# Extracted records
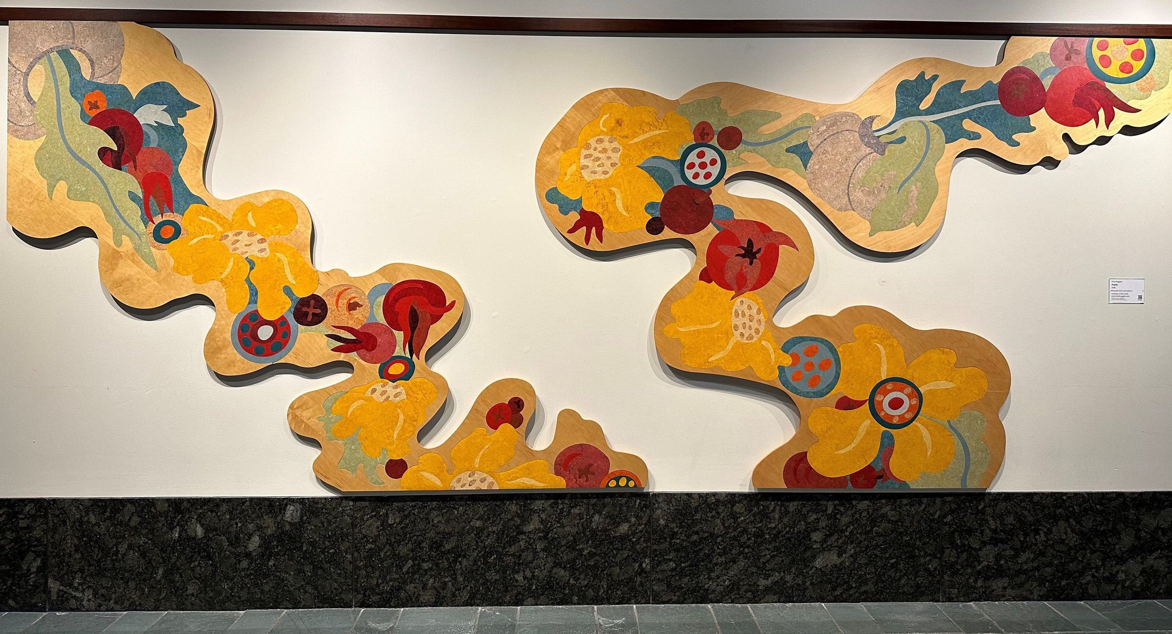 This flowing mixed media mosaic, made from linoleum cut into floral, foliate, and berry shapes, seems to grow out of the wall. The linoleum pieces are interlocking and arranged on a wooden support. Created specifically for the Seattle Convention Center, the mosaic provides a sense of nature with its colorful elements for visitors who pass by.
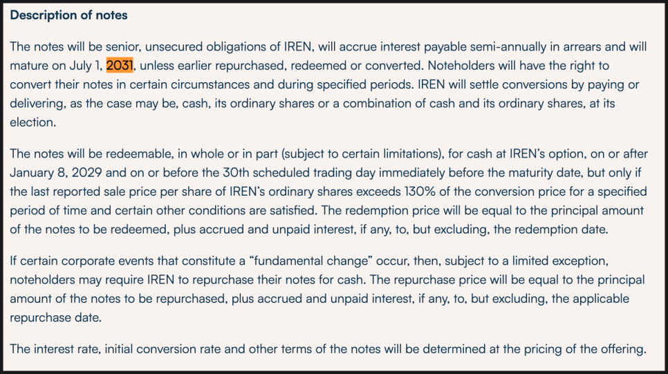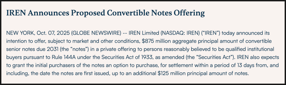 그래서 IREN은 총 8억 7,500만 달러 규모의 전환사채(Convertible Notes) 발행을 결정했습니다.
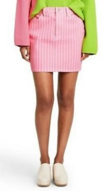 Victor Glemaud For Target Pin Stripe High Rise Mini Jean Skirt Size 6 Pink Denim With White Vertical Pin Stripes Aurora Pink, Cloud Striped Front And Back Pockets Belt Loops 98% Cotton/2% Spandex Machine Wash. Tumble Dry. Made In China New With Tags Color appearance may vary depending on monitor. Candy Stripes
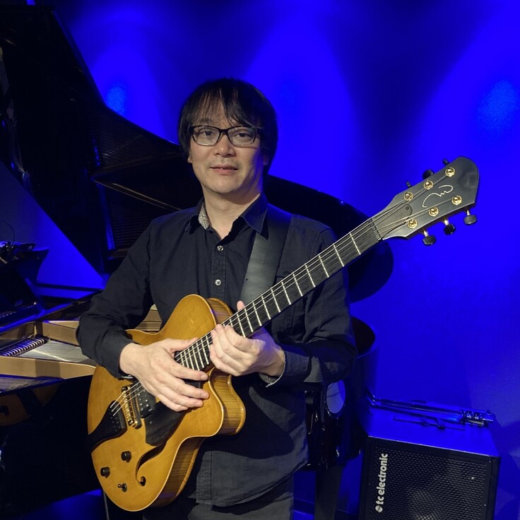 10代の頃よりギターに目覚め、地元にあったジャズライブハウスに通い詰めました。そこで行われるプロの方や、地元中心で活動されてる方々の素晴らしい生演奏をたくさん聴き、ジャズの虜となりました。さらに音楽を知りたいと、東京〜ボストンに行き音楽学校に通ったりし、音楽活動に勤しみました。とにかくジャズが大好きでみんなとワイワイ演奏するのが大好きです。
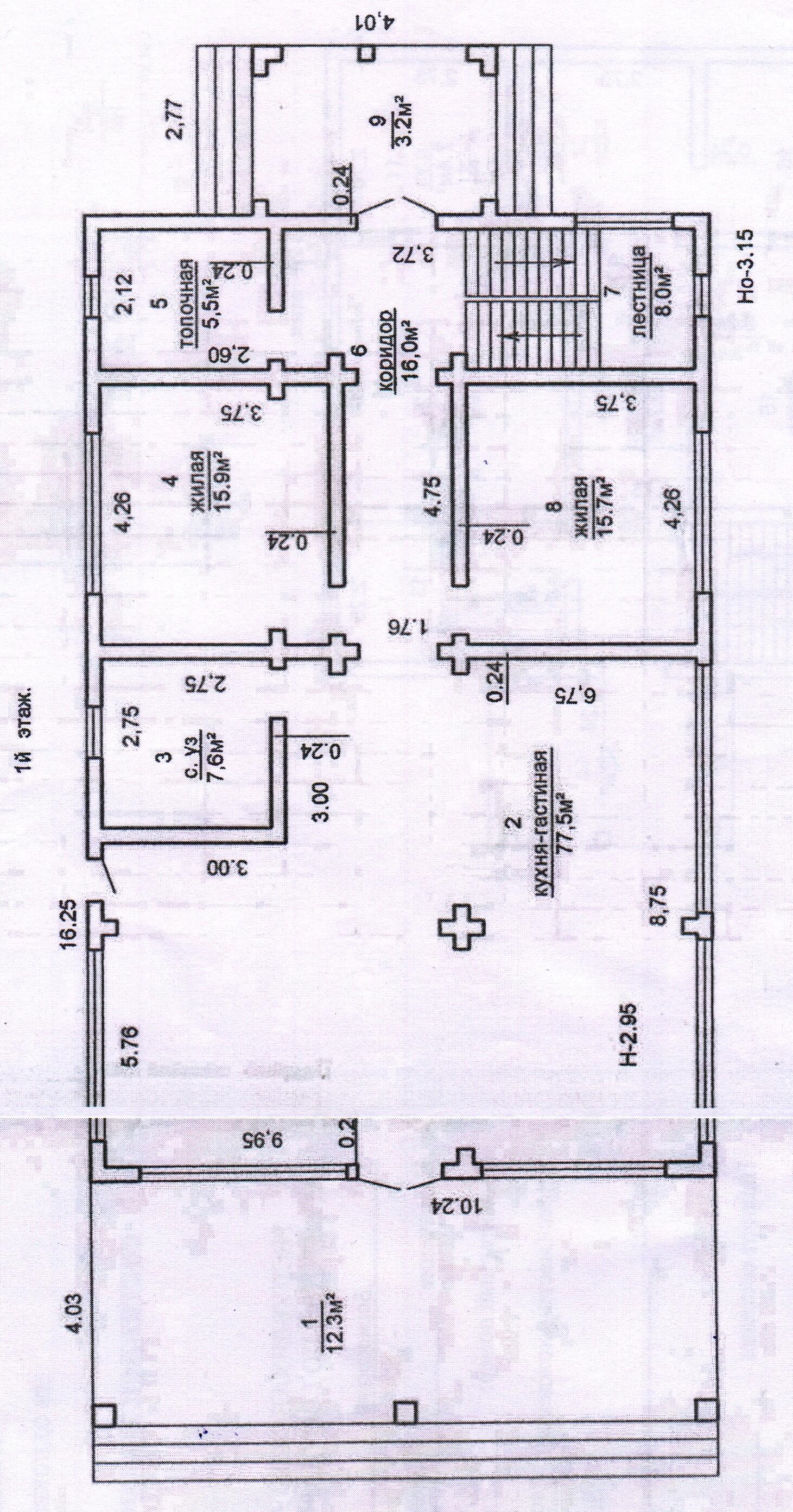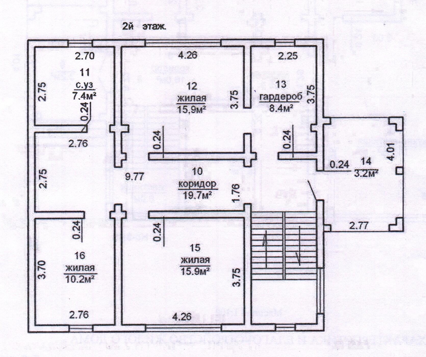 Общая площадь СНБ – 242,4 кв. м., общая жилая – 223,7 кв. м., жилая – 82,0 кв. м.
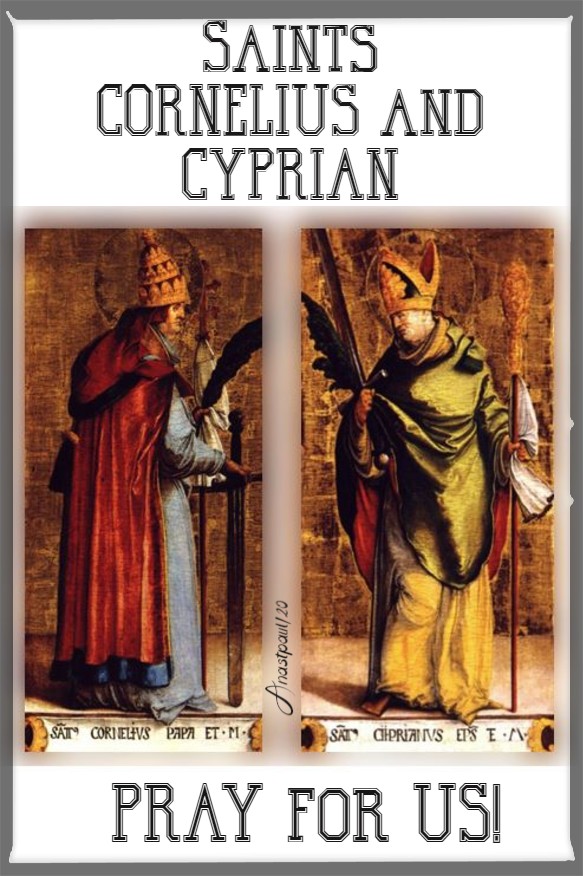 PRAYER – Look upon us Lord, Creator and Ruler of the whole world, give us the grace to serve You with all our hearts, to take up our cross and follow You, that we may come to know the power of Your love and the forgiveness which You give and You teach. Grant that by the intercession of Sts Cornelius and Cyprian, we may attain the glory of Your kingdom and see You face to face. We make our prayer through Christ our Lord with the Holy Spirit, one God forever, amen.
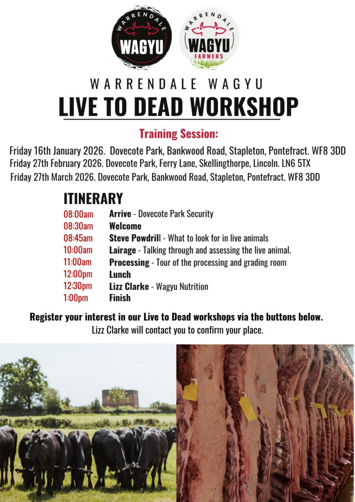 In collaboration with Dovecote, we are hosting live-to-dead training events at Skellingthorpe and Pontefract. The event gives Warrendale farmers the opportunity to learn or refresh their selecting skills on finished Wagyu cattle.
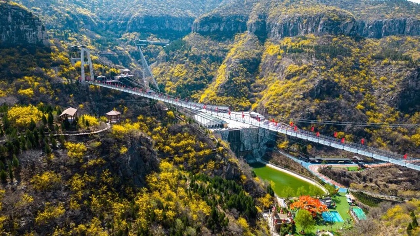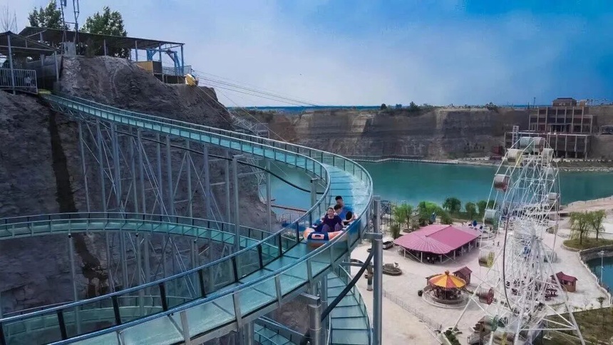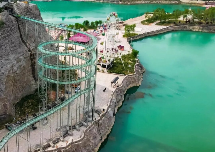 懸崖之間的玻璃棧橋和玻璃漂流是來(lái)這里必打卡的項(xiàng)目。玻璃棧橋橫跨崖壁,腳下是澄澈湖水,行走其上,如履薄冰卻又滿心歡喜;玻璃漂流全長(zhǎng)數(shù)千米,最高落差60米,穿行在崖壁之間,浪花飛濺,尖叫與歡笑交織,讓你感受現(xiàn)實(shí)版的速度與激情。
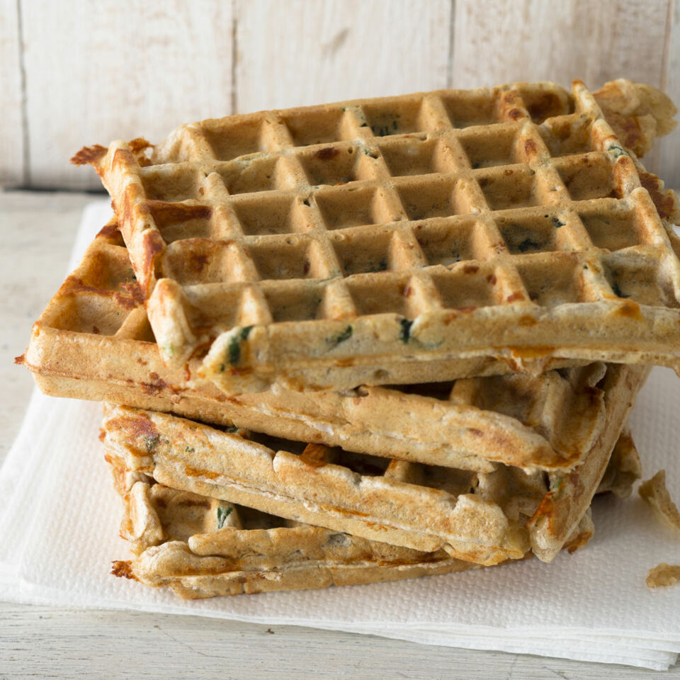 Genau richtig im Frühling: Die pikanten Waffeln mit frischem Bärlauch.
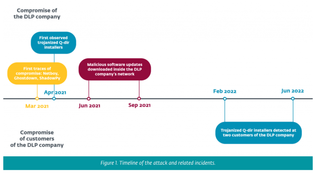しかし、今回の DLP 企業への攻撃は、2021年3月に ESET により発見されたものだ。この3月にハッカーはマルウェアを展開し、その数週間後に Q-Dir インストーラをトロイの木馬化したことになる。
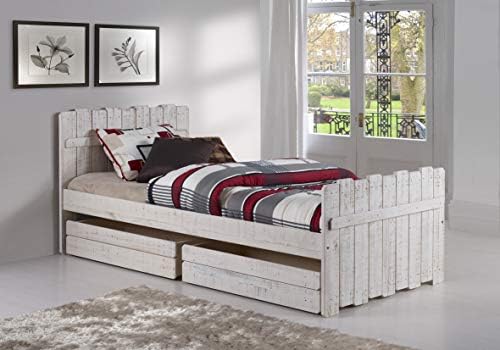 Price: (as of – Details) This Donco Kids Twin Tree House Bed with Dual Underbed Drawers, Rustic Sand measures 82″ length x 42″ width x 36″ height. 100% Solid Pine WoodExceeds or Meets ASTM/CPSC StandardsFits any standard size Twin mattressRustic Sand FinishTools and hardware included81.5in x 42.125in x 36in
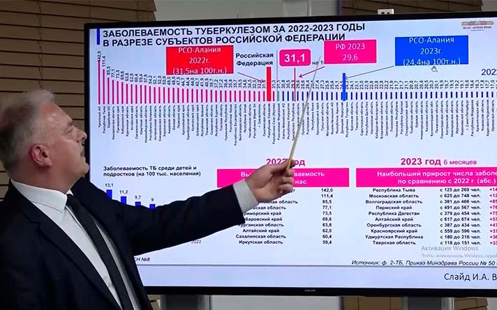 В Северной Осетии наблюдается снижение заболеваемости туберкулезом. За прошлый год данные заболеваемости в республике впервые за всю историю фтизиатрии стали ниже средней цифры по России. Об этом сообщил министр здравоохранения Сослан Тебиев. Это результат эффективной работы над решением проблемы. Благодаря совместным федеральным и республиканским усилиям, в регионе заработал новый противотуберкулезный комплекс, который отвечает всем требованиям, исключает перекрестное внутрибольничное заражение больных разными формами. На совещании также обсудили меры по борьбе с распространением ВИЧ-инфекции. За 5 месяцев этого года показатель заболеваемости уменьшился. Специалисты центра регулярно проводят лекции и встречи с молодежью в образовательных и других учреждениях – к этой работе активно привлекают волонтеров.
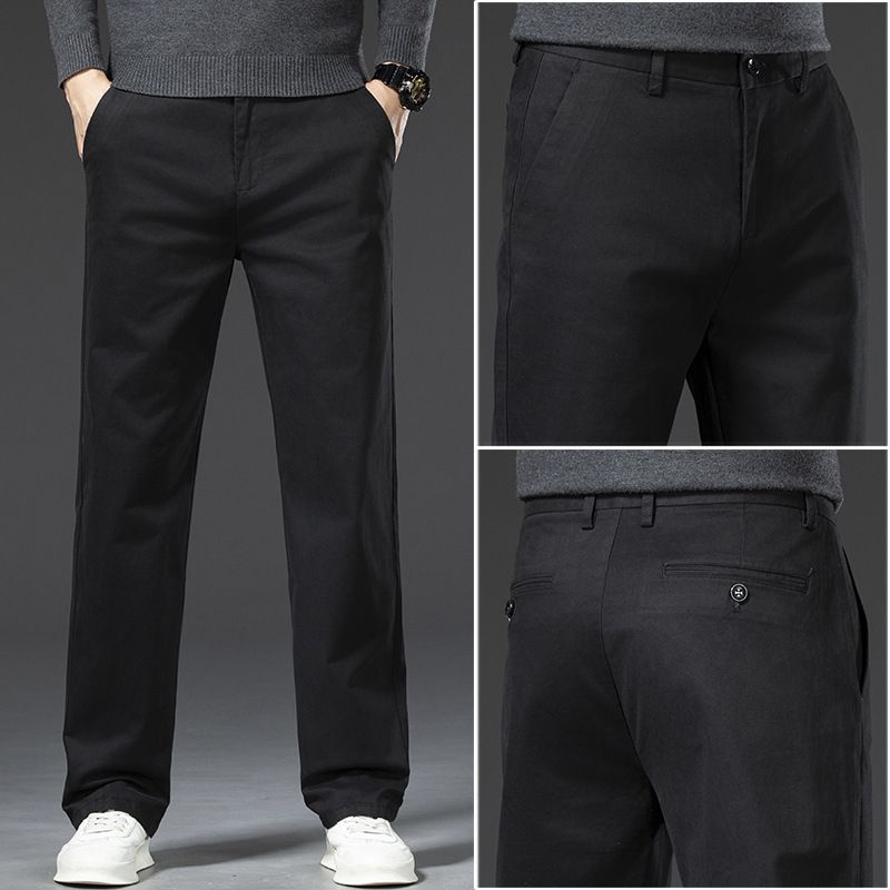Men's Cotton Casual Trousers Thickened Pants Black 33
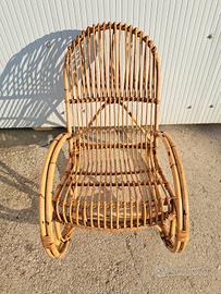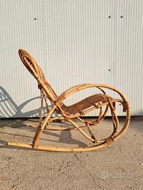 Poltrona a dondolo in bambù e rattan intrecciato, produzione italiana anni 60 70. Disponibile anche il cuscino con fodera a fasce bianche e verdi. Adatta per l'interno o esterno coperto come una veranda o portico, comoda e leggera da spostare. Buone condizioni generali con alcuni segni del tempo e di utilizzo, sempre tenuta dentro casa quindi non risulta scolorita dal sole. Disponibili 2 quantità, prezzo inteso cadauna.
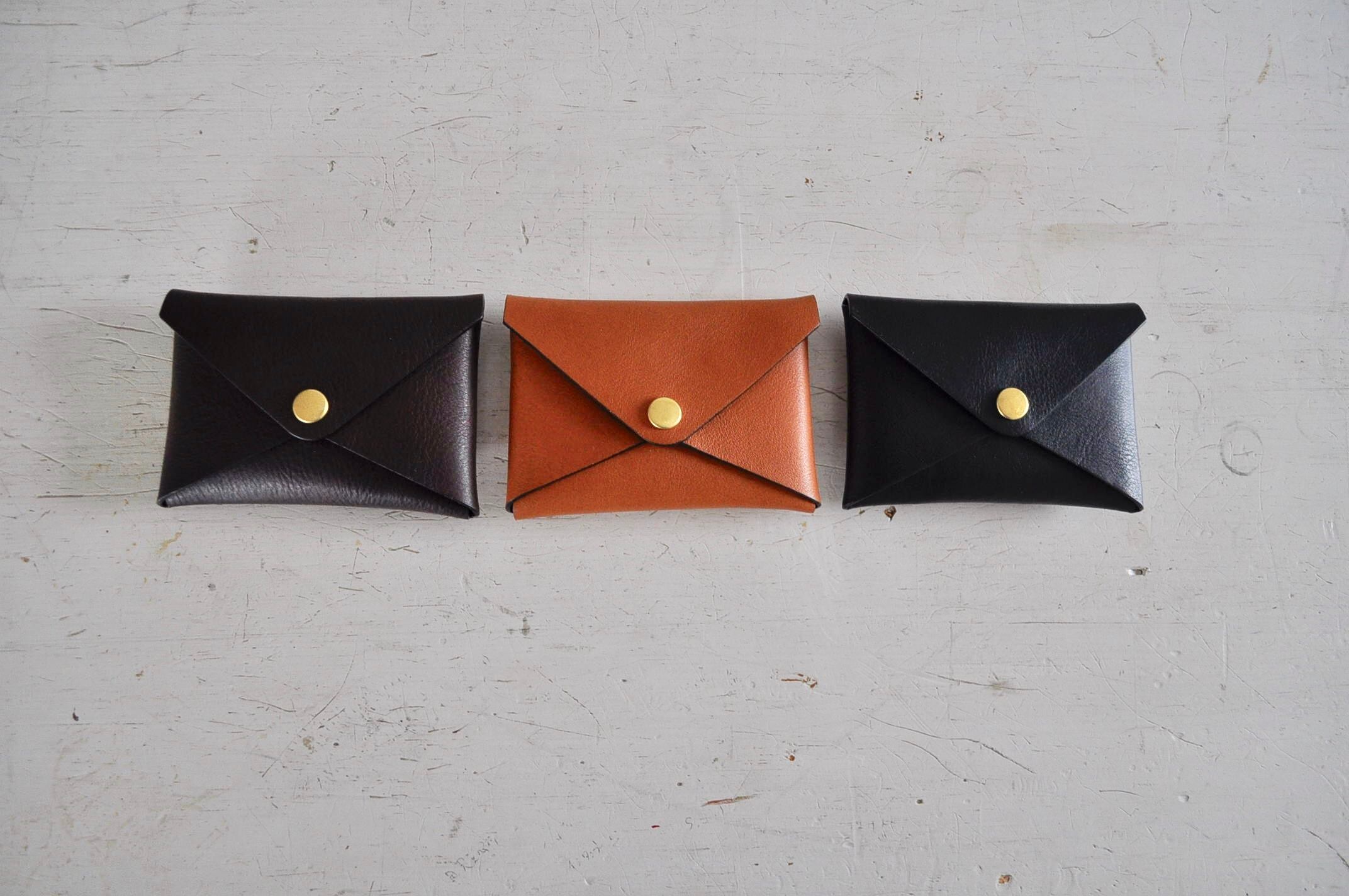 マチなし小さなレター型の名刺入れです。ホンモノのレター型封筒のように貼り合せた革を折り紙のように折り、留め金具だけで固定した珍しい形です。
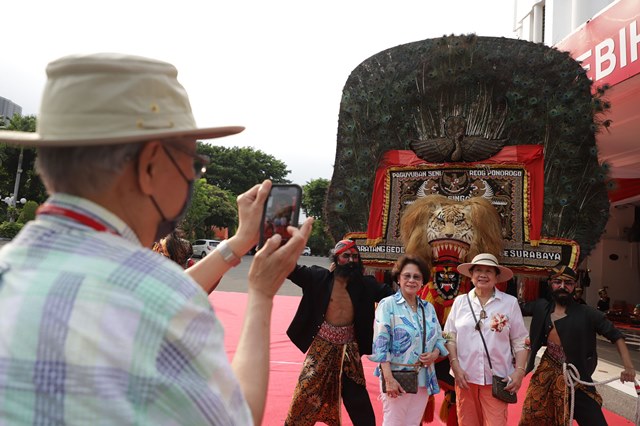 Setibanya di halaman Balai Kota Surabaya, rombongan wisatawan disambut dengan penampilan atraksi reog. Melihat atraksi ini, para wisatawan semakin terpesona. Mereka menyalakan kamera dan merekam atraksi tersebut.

# Problem details
Your copy of the entries should be exact and free of pictures.

# Answer to the problem
 This flowing mixed media mosaic, made from linoleum cut into floral, foliate, and berry shapes, seems to grow out of the wall. The linoleum pieces are interlocking and arranged on a wooden support. Created specifically for the Seattle Convention Center, the mosaic provides a sense of nature with its colorful elements for visitors who pass by.
 그래서 IREN은 총 8억 7,500만 달러 규모의 전환사채(Convertible Notes) 발행을 결정했습니다.
 Victor Glemaud For Target Pin Stripe High Rise Mini Jean Skirt Size 6 Pink Denim With White Vertical Pin Stripes Aurora Pink, Cloud Striped Front And Back Pockets Belt Loops 98% Cotton/2% Spandex Machine Wash. Tumble Dry. Made In China New With Tags Color appearance may vary depending on monitor. Candy Stripes
 10代の頃よりギターに目覚め、地元にあったジャズライブハウスに通い詰めました。そこで行われるプロの方や、地元中心で活動されてる方々の素晴らしい生演奏をたくさん聴き、ジャズの虜となりました。さらに音楽を知りたいと、東京〜ボストンに行き音楽学校に通ったりし、音楽活動に勤しみました。とにかくジャズが大好きでみんなとワイワイ演奏するのが大好きです。
 Общая площадь СНБ – 242,4 кв. м., общая жилая – 223,7 кв. м., жилая – 82,0 кв. м.
 PRAYER – Look upon us Lord, Creator and Ruler of the whole world, give us the grace to serve You with all our hearts, to take up our cross and follow You, that we may come to know the power of Your love and the forgiveness which You give and You teach. Grant that by the intercession of Sts Cornelius and Cyprian, we may attain the glory of Your kingdom and see You face to face. We make our prayer through Christ our Lord with the Holy Spirit, one God forever, amen.
 In collaboration with Dovecote, we are hosting live-to-dead training events at Skellingthorpe and Pontefract. The event gives Warrendale farmers the opportunity to learn or refresh their selecting skills on finished Wagyu cattle.
 懸崖之間的玻璃棧橋和玻璃漂流是來(lái)這里必打卡的項(xiàng)目。玻璃棧橋橫跨崖壁,腳下是澄澈湖水,行走其上,如履薄冰卻又滿心歡喜;玻璃漂流全長(zhǎng)數(shù)千米,最高落差60米,穿行在崖壁之間,浪花飛濺,尖叫與歡笑交織,讓你感受現(xiàn)實(shí)版的速度與激情。
 Genau richtig im Frühling: Die pikanten Waffeln mit frischem Bärlauch.
しかし、今回の DLP 企業への攻撃は、2021年3月に ESET により発見されたものだ。この3月にハッカーはマルウェアを展開し、その数週間後に Q-Dir インストーラをトロイの木馬化したことになる。
 Price: (as of – Details) This Donco Kids Twin Tree House Bed with Dual Underbed Drawers, Rustic Sand measures 82″ length x 42″ width x 36″ height. 100% Solid Pine WoodExceeds or Meets ASTM/CPSC StandardsFits any standard size Twin mattressRustic Sand FinishTools and hardware included81.5in x 42.125in x 36in
 В Северной Осетии наблюдается снижение заболеваемости туберкулезом. За прошлый год данные заболеваемости в республике впервые за всю историю фтизиатрии стали ниже средней цифры по России. Об этом сообщил министр здравоохранения Сослан Тебиев. Это результат эффективной работы над решением проблемы. Благодаря совместным федеральным и республиканским усилиям, в регионе заработал новый противотуберкулезный комплекс, который отвечает всем требованиям, исключает перекрестное внутрибольничное заражение больных разными формами. На совещании также обсудили меры по борьбе с распространением ВИЧ-инфекции. За 5 месяцев этого года показатель заболеваемости уменьшился. Специалисты центра регулярно проводят лекции и встречи с молодежью в образовательных и других учреждениях – к этой работе активно привлекают волонтеров.
Men's Cotton Casual Trousers Thickened Pants Black 33
 Poltrona a dondolo in bambù e rattan intrecciato, produzione italiana anni 60 70. Disponibile anche il cuscino con fodera a fasce bianche e verdi. Adatta per l'interno o esterno coperto come una veranda o portico, comoda e leggera da spostare. Buone condizioni generali con alcuni segni del tempo e di utilizzo, sempre tenuta dentro casa quindi non risulta scolorita dal sole. Disponibili 2 quantità, prezzo inteso cadauna.
 マチなし小さなレター型の名刺入れです。ホンモノのレター型封筒のように貼り合せた革を折り紙のように折り、留め金具だけで固定した珍しい形です。
 Setibanya di halaman Balai Kota Surabaya, rombongan wisatawan disambut dengan penampilan atraksi reog. Melihat atraksi ini, para wisatawan semakin terpesona. Mereka menyalakan kamera dan merekam atraksi tersebut.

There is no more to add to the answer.